14. In the case of Busching Schmitz Private Limited v. P.T. Men-ghani, AIR 1977 SC 1569, the Apex Court had laid emphasis on the principle that the Courts should adopt object oriented approach keeping in mind the principle that the Legislative futility is to be ruled out so long as interpretative possibility permits. It has also been settled that there should be object oriented approach but in the said conception it can not be carried to cause violation to the plain language of the statute. The scheme of the Act and the occasion are to be kept in view.

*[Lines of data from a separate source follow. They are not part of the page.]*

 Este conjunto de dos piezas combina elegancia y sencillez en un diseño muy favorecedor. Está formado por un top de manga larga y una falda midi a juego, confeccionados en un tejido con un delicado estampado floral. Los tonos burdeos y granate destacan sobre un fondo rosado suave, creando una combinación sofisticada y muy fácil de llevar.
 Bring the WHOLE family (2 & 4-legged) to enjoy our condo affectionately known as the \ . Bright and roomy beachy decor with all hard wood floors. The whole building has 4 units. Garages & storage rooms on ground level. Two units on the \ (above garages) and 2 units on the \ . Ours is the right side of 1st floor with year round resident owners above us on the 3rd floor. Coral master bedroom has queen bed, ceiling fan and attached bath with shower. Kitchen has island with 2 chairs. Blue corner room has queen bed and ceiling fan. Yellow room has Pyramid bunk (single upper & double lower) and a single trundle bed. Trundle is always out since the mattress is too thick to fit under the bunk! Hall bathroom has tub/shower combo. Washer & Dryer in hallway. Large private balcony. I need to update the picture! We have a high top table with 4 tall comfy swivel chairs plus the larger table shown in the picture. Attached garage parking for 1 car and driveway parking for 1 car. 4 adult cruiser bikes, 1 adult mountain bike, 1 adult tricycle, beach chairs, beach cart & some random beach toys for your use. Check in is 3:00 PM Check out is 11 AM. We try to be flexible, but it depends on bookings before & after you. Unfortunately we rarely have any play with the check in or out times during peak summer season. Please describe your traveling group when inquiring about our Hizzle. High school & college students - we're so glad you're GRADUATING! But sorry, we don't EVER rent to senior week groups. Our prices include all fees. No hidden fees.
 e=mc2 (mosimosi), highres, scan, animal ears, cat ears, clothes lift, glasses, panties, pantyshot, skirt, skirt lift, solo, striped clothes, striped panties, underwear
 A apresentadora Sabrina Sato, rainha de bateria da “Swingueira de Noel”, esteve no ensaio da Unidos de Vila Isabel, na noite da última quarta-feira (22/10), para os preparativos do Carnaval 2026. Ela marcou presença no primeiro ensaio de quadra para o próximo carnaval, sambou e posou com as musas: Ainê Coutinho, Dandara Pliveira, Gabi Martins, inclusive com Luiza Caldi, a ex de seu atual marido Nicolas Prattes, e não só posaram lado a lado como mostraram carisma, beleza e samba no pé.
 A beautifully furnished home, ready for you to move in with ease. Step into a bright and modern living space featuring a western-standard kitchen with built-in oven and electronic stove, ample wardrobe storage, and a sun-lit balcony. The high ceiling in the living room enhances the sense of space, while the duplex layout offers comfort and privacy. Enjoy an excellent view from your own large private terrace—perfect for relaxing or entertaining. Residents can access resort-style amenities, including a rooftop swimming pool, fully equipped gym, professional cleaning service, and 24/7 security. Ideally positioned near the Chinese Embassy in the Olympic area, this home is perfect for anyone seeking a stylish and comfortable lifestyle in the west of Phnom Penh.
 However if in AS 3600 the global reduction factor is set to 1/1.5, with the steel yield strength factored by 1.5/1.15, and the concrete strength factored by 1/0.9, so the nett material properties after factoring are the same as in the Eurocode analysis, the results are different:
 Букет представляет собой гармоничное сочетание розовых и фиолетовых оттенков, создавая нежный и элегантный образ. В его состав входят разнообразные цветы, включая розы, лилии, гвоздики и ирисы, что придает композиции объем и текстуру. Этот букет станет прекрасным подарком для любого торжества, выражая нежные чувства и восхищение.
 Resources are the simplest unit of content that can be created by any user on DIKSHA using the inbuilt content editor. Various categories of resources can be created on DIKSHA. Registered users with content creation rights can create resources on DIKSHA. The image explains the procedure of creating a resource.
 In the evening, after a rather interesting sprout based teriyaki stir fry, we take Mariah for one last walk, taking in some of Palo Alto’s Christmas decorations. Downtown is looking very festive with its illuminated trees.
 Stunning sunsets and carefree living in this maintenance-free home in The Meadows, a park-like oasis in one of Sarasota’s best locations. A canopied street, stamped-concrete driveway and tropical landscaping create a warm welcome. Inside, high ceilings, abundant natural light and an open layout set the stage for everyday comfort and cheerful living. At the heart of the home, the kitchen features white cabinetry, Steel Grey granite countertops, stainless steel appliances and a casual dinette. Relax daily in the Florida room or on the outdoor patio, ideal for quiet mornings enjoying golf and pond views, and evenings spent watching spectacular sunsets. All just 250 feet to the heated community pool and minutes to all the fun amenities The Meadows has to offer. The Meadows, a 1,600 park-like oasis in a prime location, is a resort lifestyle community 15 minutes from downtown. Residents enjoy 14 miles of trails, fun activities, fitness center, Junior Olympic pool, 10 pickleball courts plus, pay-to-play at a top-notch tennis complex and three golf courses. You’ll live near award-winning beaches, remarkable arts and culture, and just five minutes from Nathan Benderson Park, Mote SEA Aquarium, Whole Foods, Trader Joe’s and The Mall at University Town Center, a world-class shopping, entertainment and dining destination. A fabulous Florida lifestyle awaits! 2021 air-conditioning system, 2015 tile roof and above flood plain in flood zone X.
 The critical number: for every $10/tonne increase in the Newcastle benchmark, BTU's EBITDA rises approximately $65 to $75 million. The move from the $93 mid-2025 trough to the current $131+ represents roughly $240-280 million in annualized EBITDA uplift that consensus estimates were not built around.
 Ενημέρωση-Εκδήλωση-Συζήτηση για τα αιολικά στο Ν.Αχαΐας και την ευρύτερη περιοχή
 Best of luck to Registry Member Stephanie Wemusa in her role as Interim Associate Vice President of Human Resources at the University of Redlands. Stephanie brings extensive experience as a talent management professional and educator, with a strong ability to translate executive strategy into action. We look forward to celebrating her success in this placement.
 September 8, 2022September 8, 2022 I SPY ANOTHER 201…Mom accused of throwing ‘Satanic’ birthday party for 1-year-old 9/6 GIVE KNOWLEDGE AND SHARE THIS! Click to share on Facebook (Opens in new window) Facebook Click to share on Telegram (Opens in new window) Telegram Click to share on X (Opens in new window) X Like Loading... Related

15. We may hasten to state that if the text is made alien to the context or the context is bereft of the text then there would be an anamoly. The heading of the provision opens with the words “to set aside the ex parte order”. Thereafter the words used are “in any case in which an order of assessment is passed ex parte”. Thus, the power is to set aside the exparte order. The language used in the section itself is in consonance with the heading of the provision. To elaborate the section opens with the words in any case in which an order of assessment is passed ex parte. After Sub-sections (a) and (b) the provision stipulates that the assessee may apply to the assessing authority to set aside the order and reopen the case. Thus, the purpose is to set aside the ex parte order and get the proceedings reopened. Unless an ex parte order has been passed the question to set it aside does not arise and the question of reopening of the same also does not crop up. Thus, in our considered opinion, passing of ex parte order is the substratum of Section 45-A. The words “within 30 days of the date of hearing” occurring in Clause (a) actually means the date of the order and the order means ex parte order. Unless such a meaning is given to the aforesaid words an absurd situation would arise up and law does not countenance any kind of absurd situation. It is well settled in law when a provision is literally interpreted and by interpretation it leads to any kind of absurdity it has to be avoided. To give proper meaning and purposive logical interpretation to Section 45-A one has to abandon the concept of literal construction in regard to the term ‘date of hearing’ and has to construe it as the date of order. That makes the provision sanguine, purposive, logical and workable.
16. In view of the aforesaid analysis we answer the reference by stating that limitation of 30 days for an application under Section 45-A (a) of the M.P. General Sales Tax Act, 1958 would commence from 13-8-1981 on the date which the ex parte order was passed and not from 27-7-1981 when the case was set out for ex parte order. To put it succintly the provision enshrined under Section 45-A (a) would convey the meaning that the computation of limitation has to commence from the date of passing of the ex parte order and not from the date of hearing.
17. Resultantly, the reference is answered in favour of the assessee and against the revenue.
18. The M.C.C. is accordingly disposed of.